If that sounds like a surprisingly urgent sentiment with a month of regular-season basketball left to play, consider what might await the Sixers on the other side. With the Nets currently occupying one of the Eastern Conference’s four play-in spots, five games behind the No. 6 Cavaliers, Brooklyn could easily end up being the team the Sixers face in the first round of the playoffs as either the No. 2 or No. 3 seed. As dysfunctional as the Nets have looked this season, anybody who is looking past them might want to rewind the tape from Thursday night.

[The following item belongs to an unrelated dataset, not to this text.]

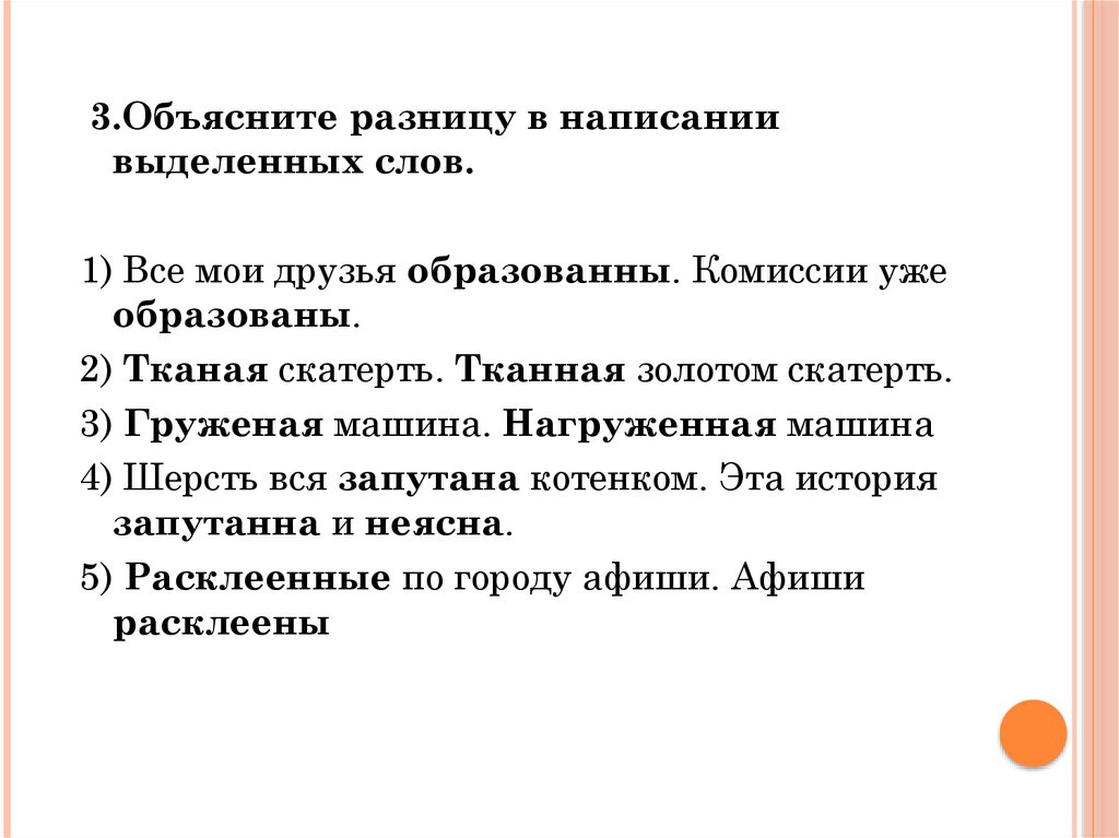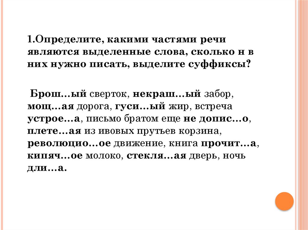 1.Определите, какими частями речиявляются выделенные слова, сколько н в

What makes Brooklyn such a dangerous matchup for the Sixers is its ability to negate Embiid’s impact on the defensive end. In Kevin Durant and Kyrie Irving, they have a couple of elite scorers who each have the ability to score from wherever Embiid isn’t. Nearly half of the Nets’ 72 first-half points came from behind the arc, with Durant, Irving, and Seth Curry combining to shoot 9 for 16 from 3-point range. The inclusion of Curry in the mid-February trade that brought Harden to Philly looked particularly unfortunate on Thursday night. With Harden slogging through a miserable shooting night and struggling to create space off the dribble, the Sixers looked in desperate need of another player who could draw some defensive attention. Embiid did what he could, abusing Andre Drummond in the paint while scoring 16 first-quarter points, but it would have taken a perfect performance from the big guy just to keep the Sixers within striking distance. Absent that, they had no answers.

“Everybody wanted to win the game,” Rivers said. “But you have to play together to win the game. I think that’s a great lesson for us.”

That’s actually not the worst place for a team to be at this point in the season. The build-up surrounding Simmons’ return may have leant a playoff atmosphere to Thursday night, but this was a game with little practical meaning. Any student of Durant’s psychology could have predicted the lethality with which he stalked the court. Likewise with Curry, whose true emotions surfaced midway through the third quarter when he drained his fourth 3-pointer of the game and strutted so close to the Sixers bench that he might have stepped on a few toes.

Simmons may have been the focal point for the home fans, but it was the road players who clearly had the revenge factor working in their favor. The thoroughness with which they exploited the Sixers’ weaknesses could easily end up working in the latter’s advantage. Better to know your holes than fool yourself into thinking they are inconsequential.

And boy, do the Sixers have holes. Real holes. Holes that will require some serious patchwork on Doc Rivers’ part if the unthinkable happens and he finds himself staring at a first-round series with the team that ran his off the court on Thursday.

“Tonight was good for us,” said Harden, who shot 3 for 17 from the field and committed four turnovers. “We got our ass kicked and since I’ve been here everything has been sweet and we’ve been winning games. Tonight was good for us. We’ve got an opportunity to come down to reality, watch film, and just continue to get better and make sure we’re hitting our strides.”

The Sixers can certainly console themselves with the knowledge that the Nets are unlikely to make a habit of shooting 60% from the field, including 50% from 3-point range, and that Harden is unlikely to have another performance as abysmal as the one he turned in. But Durant and Irving have made their careers out of games like this, and the Sixers don’t have any obvious answers for combatting either.

Which brings us back to Simmons, whose return to Philadelphia was muted both by the fact that he could spend most of the game nodding in the direction of the scoreboard in response to the jeers and expletive-laden chants. Late in the game, with the Nets up 30, the Sixers’ one-time No. 1 overall pick made it a point to stand up from the bench and retrieve a loose ball that had bounded in his direction. As the half-filled seats erupted in boos, he slowly raised the ball above his chest and tossed it to one of the officials.

“What you want to do is play well at home and have your crowd cheering for you,” Rivers said. “We didn’t play well enough to get that done tonight. That’s what we missed tonight. And that was on us.”